WASHINGTON, August 31, 2022 – In order to serve the needs of all Americans, the federal government must gather and act on more granular data on underrepresented minority groups that have been historically overlooked in the data-gathering process, said Denice Ross, the White House’s chief data scientist.

Ross argued at an online event hosted by the Center for Data Innovation on Tuesday that many minority groups – including African Americans, Native Americans, the disabled, and the LGBT community – are disadvantaged by the “data divide,” a term which refers to disparities in the amount and quality of available data on various groups.

Ross was citing a report issued earlier this year by the Equitable Data Working Group, a task force created by President Joe Biden earlier this year, which said policymakers are often unable to perceive or ameliorate problems facing minority communities if data on those communities are unavailable or insufficiently disaggregated. Disaggregated data, the report says, is “data that can be broken down and analyzed by race, ethnicity, gender, disability, income, veteran status, age, or other key demographic variables.”

The report recommends a federal data collection strategy that safeguards privacy and facilitates analysis of “the interconnectedness of identities and experiences,” or how individuals’ various minority-group identities compound the societal disadvantages they face. The report also advocates the creation of “incentives and pathways” promoting minority representation in the data collection process.

The recommendations come as the broadband industry and federal agencies try to improve knowledge of where there are unserved and underserved areas for broadband connectivity and to take action to improve digital literacy. The Illinois Broadband Lab and other state broadband offices, for example, implement a community-up approach to data gathering. Direct community involvement provides data insights that help states deliver coverage to in-need communities, officials say. 

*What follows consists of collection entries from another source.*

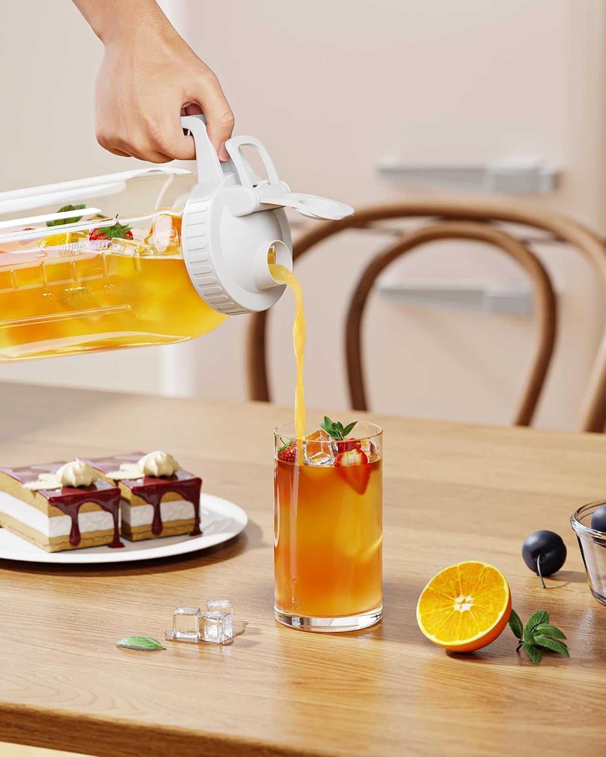 - Keep Your Drinks Fresh and Flavorful: The 64oz glass pitcher features an airtight flip lid with a silicone seal, ensuring your favorite beverages stay fresh and flavorful while being leak-proof. Itβs designed for easy and convenient opening, pouring, and closing, making it perfect for storing your drinks
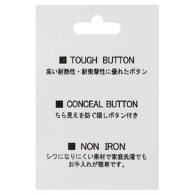※クリーニング店での洗濯の場合⇒クリーニング店により異なりますが、通常の洗い方ではランドリー洗浄後、濡れた状態でワイシャツプレス機で仕上げる店舗が多い為、釦の破損や生地の縮みによるサイズの変化がおこる可能性がございます。
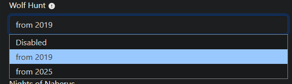 That would activate Wolf 2019 as the default one (line 2366 & 2367), if you activate the event the first time in WebUI (while also not having a value present in config.json in advance yet). I intentionally swapped the values to keep the identical behavior (2025 being the default one like before), while also fixing the dropdown menu visually.
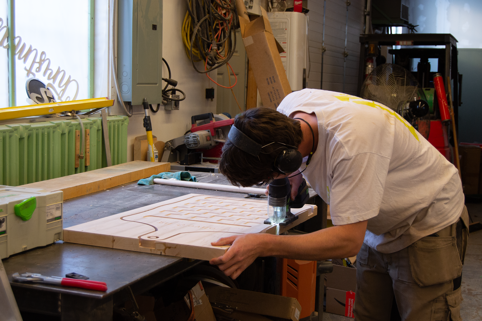 The 35"x26” bespoke board employs common design elements from a typical charcuterie board: a handle, a live edge to ‘frame’ the game space, and a groove to hold ‘game pieces’ – a.k.a. the snacks one can eat.
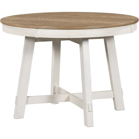 Taking into account the use of different scenarios, the table adopts a flexible design and the length can be adjusted. The round table's planked top is eased along the edges, then insert a leaf, and it can extend to accommodate additional guests. Table expands from 42'' to 56'', seats up to 6.
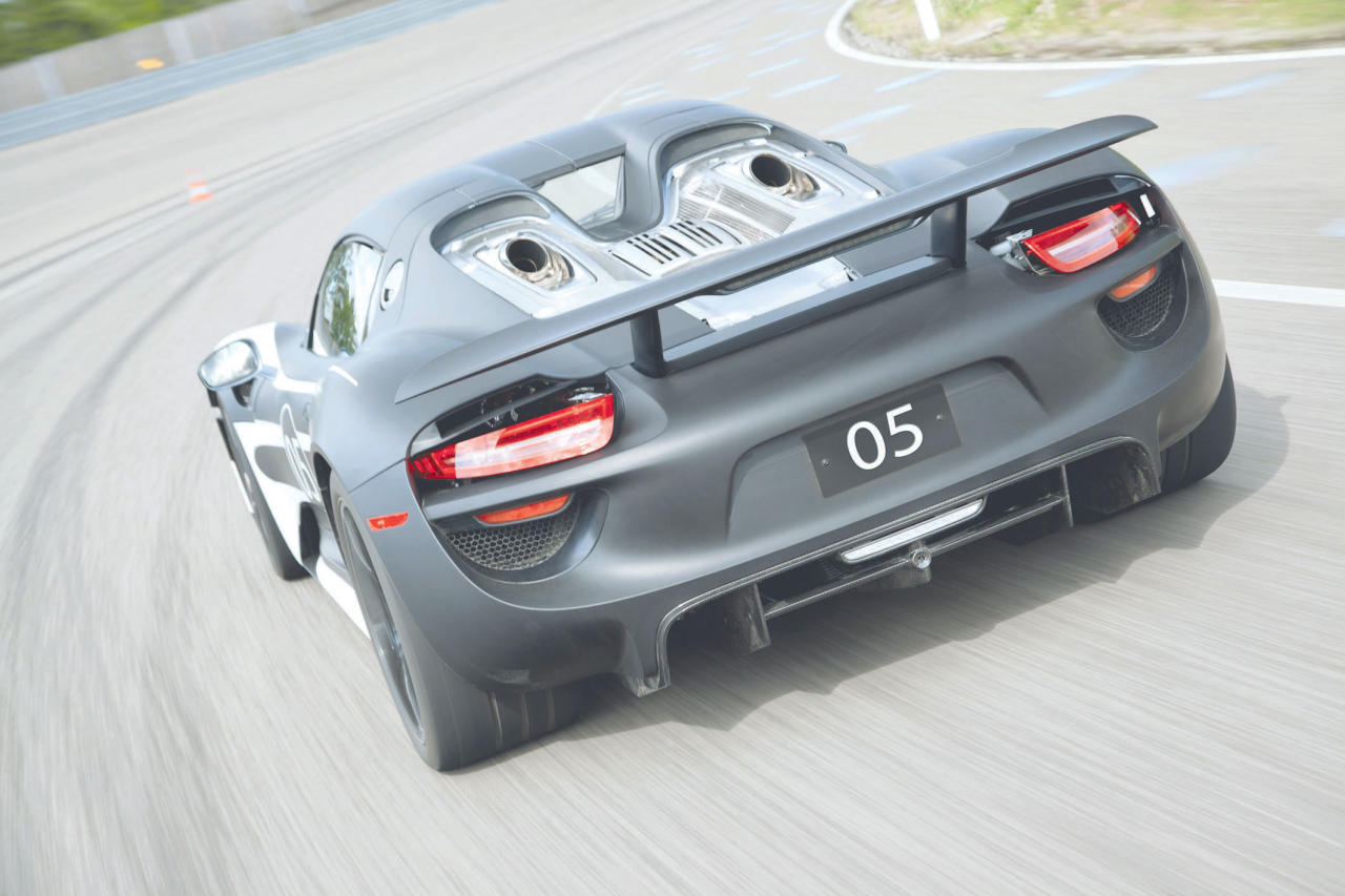 تأتي سيارة «918 سبايدر» تجسيداً لمفهوم الشركة للسيارات الرياضية الخارقة ذات الأداء المستقبلي، وتعتبر أول سيارة سباق فائقة «الدفع المختلط الرياضي» Sport Hybrid. صممت السيارة لتقدم أداءً عالياً من خلال وحدة المحرك الكهربائي، وسيتم تصنيعها بشكل محدود يبلغ 918 سيارة فقط عالمياً، تحمل كل منها رقماً فردياً مع بدء الإنتاج في خريف العام الحالي.وتنطلق «918 سبايدر» بالتسارع من صفر إلى 100 كلم/س في زمن يقل عن ثلاث ثوانٍ للوصول إلى سرعتها القصوى البالغة 325 كلم في الساعة، بينما تبلغ سرعتها بالاعتماد الكامل على المحرك الكهربائي 150 كلم في الساعة. وساعدت تلك المزايا سيارة «918 سبايدر» في اجتياز حلبة «نوربورغرينغ نوردشلايفه» التي يفوق طولها 20 كيلومتراً في وقت قياسي بلغ 7:14 دقائق. وفي ظروف القيادة الاقتصادية يبلغ معدّل الاستهلاك للوقود نحو 3 ليترات/100 كلم، مع إمكانية اجتياز مسافة تزيد على 25 كلم على الطاقة الكهربائية وحدها.
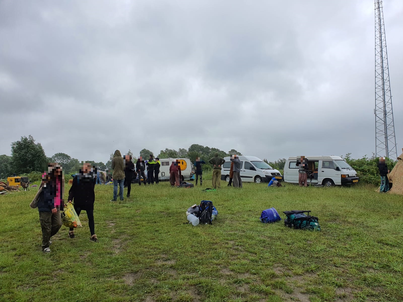 Het gaat om zo’n vijftig mensen die op een terrein nabij de zendmast bijeen waren gekomen. “Het gaat echt om een feestje”, vertelt Wind. “Er staan wat campers en busjes en ook is er een mobiel toilet geplaatst.”
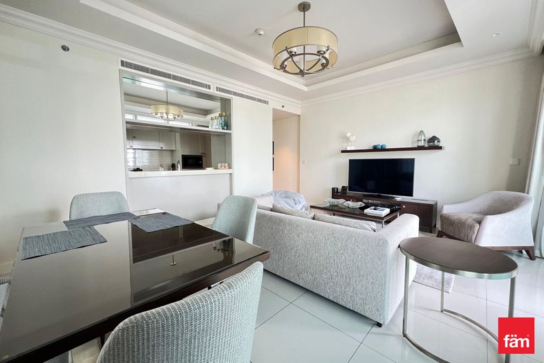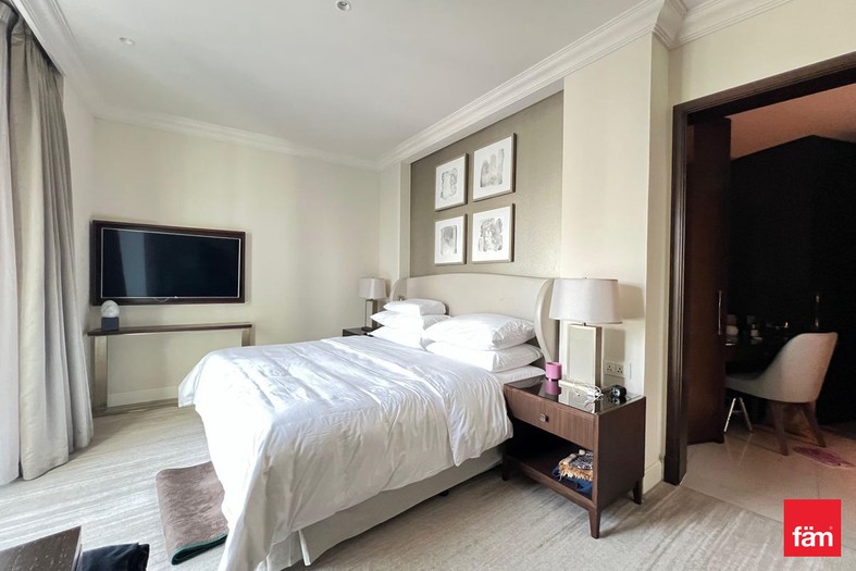Residents benefit from five-star hotel amenities including an infinity pool, state-of-the-art gym, spa facilities, concierge services, valet parking, and direct air-conditioned access to Dubai Mall.
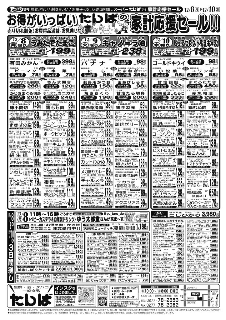 日替わり得市 12/8~12/10
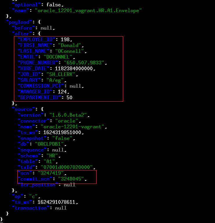 name=testoracledbconnector.class=io.debezium.connector.oracle.OracleConnectordb_type=oracletasks.max=1database.server.name=oracle-12201-vagrantdatabase.tablename.case.insensitive=truedatabase.oracle.version=12+database.hostname=192.168.56.130database.port=1521database.user=c##dbzuserdatabase.password=dbzdatabase.dbname=ORCLCDBdatabase.pdb.name=ORCLPDB1database.history.kafka.bootstrap.servers=localhost:9092database.history.kafka.topic=debezium.oracledatabase.history.skip.unparseable.ddl=trueinclude.schema.changes=truetable.whitelist=hr.a1errors.log.enable=true
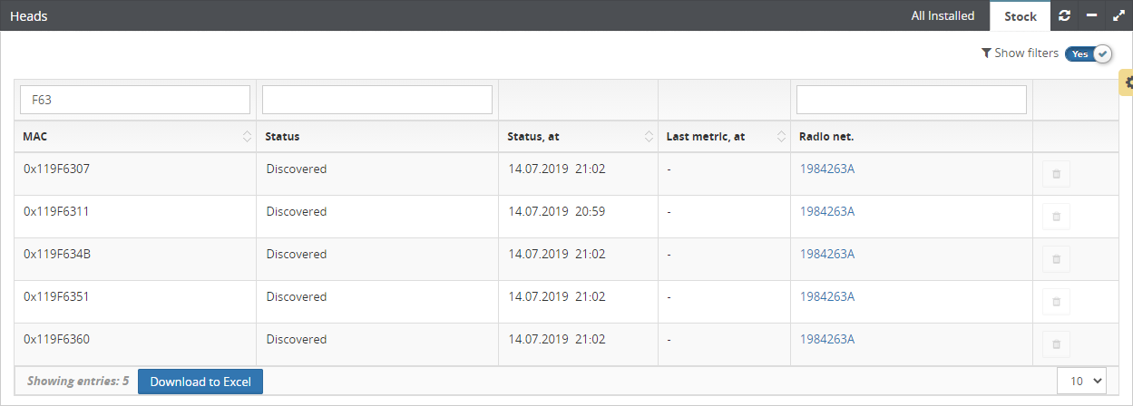 The contents of the table, at the bottom of which there is a button Download to Excel, can be saved in an .xlsx file by clicking this button. The name of the uploaded file is assigned automatically by the system. All displayed records are unloaded. That is, when unloading, filtering and sorting are taken into account.

In the panel discussion that followed Ross’s opening remarks, experts and academics agreed that community outreach is a necessary step in closing the data divide. Dominique Harrison, director of bank Citi Ventures’ Racial Equity Design and Data Initiative, said that some in the African American community view data collection with skepticism.  

Christopher Wood, executive director of LGBT Tech, argued that the passage of a federal privacy standard is a critical step toward establishing trust in government data collection. The most recent attempt to pass a national privacy regime, the American Data Privacy and Protection Act, was approved by the House Committee on Energy and Commerce last month.